The short answer
For most adults with major depression, an SSRI reaches its full antidepressant effect at 4 to 6 weeks on a therapeutic dose. That's the well-established research finding, replicated across hundreds of clinical trials.
"Full effect at 4–6 weeks" doesn't mean nothing happens for four weeks. Most patients notice something within the first two weeks — usually sleep, anxiety, or appetite improvement before the mood shift itself becomes clear. The deeper improvement consolidates over weeks four through six. If you're six weeks in on a therapeutic dose and feel nothing, it's time to talk to your prescriber about a change.

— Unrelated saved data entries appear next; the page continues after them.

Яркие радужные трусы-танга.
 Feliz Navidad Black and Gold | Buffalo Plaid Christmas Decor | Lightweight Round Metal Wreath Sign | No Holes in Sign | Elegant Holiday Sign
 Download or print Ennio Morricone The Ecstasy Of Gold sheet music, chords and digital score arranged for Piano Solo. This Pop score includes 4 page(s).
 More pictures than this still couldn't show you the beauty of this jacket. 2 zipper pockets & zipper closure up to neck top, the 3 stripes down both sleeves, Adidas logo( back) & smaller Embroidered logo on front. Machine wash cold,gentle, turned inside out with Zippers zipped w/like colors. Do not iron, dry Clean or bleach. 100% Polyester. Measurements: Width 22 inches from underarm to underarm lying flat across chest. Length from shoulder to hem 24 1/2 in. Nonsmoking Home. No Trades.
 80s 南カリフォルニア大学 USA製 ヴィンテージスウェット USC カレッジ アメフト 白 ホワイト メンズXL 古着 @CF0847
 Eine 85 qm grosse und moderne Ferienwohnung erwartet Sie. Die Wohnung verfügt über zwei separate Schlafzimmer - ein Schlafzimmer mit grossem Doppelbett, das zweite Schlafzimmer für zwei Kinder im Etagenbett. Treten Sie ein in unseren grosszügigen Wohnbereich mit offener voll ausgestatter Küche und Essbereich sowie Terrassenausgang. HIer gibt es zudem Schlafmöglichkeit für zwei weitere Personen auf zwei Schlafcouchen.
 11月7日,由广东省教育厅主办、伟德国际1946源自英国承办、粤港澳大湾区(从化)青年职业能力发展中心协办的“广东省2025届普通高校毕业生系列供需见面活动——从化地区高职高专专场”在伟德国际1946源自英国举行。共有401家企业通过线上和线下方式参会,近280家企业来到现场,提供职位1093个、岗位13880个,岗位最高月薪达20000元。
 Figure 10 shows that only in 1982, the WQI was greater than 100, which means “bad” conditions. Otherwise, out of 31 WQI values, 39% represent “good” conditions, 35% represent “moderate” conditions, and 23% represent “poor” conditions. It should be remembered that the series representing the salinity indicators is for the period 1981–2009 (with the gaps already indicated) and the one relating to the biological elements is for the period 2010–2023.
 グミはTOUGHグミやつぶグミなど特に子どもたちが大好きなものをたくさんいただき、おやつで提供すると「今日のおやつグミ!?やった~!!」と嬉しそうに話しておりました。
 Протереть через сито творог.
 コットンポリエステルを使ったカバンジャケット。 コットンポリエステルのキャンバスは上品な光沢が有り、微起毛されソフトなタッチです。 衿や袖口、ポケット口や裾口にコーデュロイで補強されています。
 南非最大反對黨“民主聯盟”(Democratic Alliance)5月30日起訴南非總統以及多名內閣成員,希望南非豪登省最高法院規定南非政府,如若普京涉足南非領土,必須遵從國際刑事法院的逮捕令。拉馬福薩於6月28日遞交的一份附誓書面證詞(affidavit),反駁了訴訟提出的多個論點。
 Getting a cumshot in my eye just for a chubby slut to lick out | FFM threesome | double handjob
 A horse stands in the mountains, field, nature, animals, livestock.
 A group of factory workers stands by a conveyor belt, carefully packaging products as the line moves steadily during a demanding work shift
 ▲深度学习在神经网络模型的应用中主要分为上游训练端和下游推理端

A realistic week-by-week timeline
Week 1
Usually the hardest week. Side effects tend to peak in days 3–7 — nausea, mild GI upset, headaches, slightly altered sleep, sometimes increased anxiety. There's typically no antidepressant benefit yet. The goal of week 1 is to take the medication consistently and ride out the initial side effects.
Week 2
Side effects usually start to fade by mid-week. Some patients begin to notice early benefits: anxiety feels slightly more manageable, sleep is a bit more reliable. Mood itself usually hasn't shifted noticeably yet.
Weeks 3–4
This is when the most noticeable shift typically happens. Mood starts to feel measurably better. Things that seemed pointless start to seem slightly more worth doing. PHQ-9 scores at week 4 are usually meaningfully lower than at baseline if the medication is working.
Weeks 4–6
Consolidation. The improvements from weeks 2–4 deepen and become more reliable. By week 6 on an adequate dose, you should have a reasonably clear answer to whether this medication is helping you. Around 60% of patients respond well to their first SSRI; 40% need a dose increase, a switch, or augmentation.
What "working" actually looks like
SSRIs don't make you feel happy. They don't blunt your emotions (with rare exceptions). They don't replace therapy or solve life problems. What they do, when they work, is restore a baseline that depression has compressed:
- Things you used to enjoy feel slightly more accessible
- Sleep, appetite, and energy stabilize
- Negative thoughts get quieter — not absent
- Anxiety, often, decreases alongside
What working doesn't look like: euphoria, dramatic personality changes, or immediate symptom disappearance.
Early side effects, and which are normal
- GI upset — nausea, loose stools. Usually peaks days 3–5, resolves by week 2. Taking with food helps.
- Headache — mild, often peaks days 2–4.
- Sleep changes — initially harder to sleep, or vivid dreams. Often improves by week 2.
- Initial anxiety increase — some patients feel briefly more anxious in the first week.
- Sexual side effects — these can appear at any point and often persist. Worth discussing openly; there are mitigations.
When to call your prescriber
- New or worsening suicidal thoughts — especially in younger adults during the first 4 weeks
- Severe agitation, restlessness, or akathisia
- Rash, especially on the trunk
- Any genuinely intolerable side effect
- Symptoms suggesting a manic switch — sustained sleeplessness with euphoric energy, racing thoughts, impulsive decisions
If you're in crisis at any point, call or text 988, call 911, or go to your nearest emergency room.
If it isn't working at week 4 or 6
About 40% of patients don't respond adequately to their first SSRI at the initial dose. That's a known clinical reality, not a personal failure. Standard next steps include a dose increase (many patients respond at a higher dose), a switch to a different SSRI or SNRI, augmentation with a second medication, or — for treatment-resistant cases — broader options like TMS, esketamine, or specialty referrals.
Frequently asked questions
What's the soonest I might notice an SSRI working?
Sleep and anxiety improvements sometimes show up in week 1. The clearer mood effect typically becomes noticeable around weeks 3–4.
Can I drink alcohol on an SSRI?
Moderate alcohol use is not absolutely contraindicated on most SSRIs, but the combination tends to amplify both sedation and depression. Best to discuss with your prescriber, especially during the first few weeks.
How long do I need to stay on it?
For a first episode of major depression, current guidelines recommend continuing the medication for 6–12 months after symptoms resolve, then a gradual taper. For recurrent depression, longer-term treatment is often appropriate.
Can I take an SSRI with therapy?
Yes — the combination is often more effective than either alone for moderate-to-severe depression.
What if I want to stop taking it?
Plan it with your prescriber. SSRIs are tapered, not stopped abruptly, to avoid discontinuation symptoms. Taper is usually over 2–4 weeks for most SSRIs, longer for paroxetine and venlafaxine.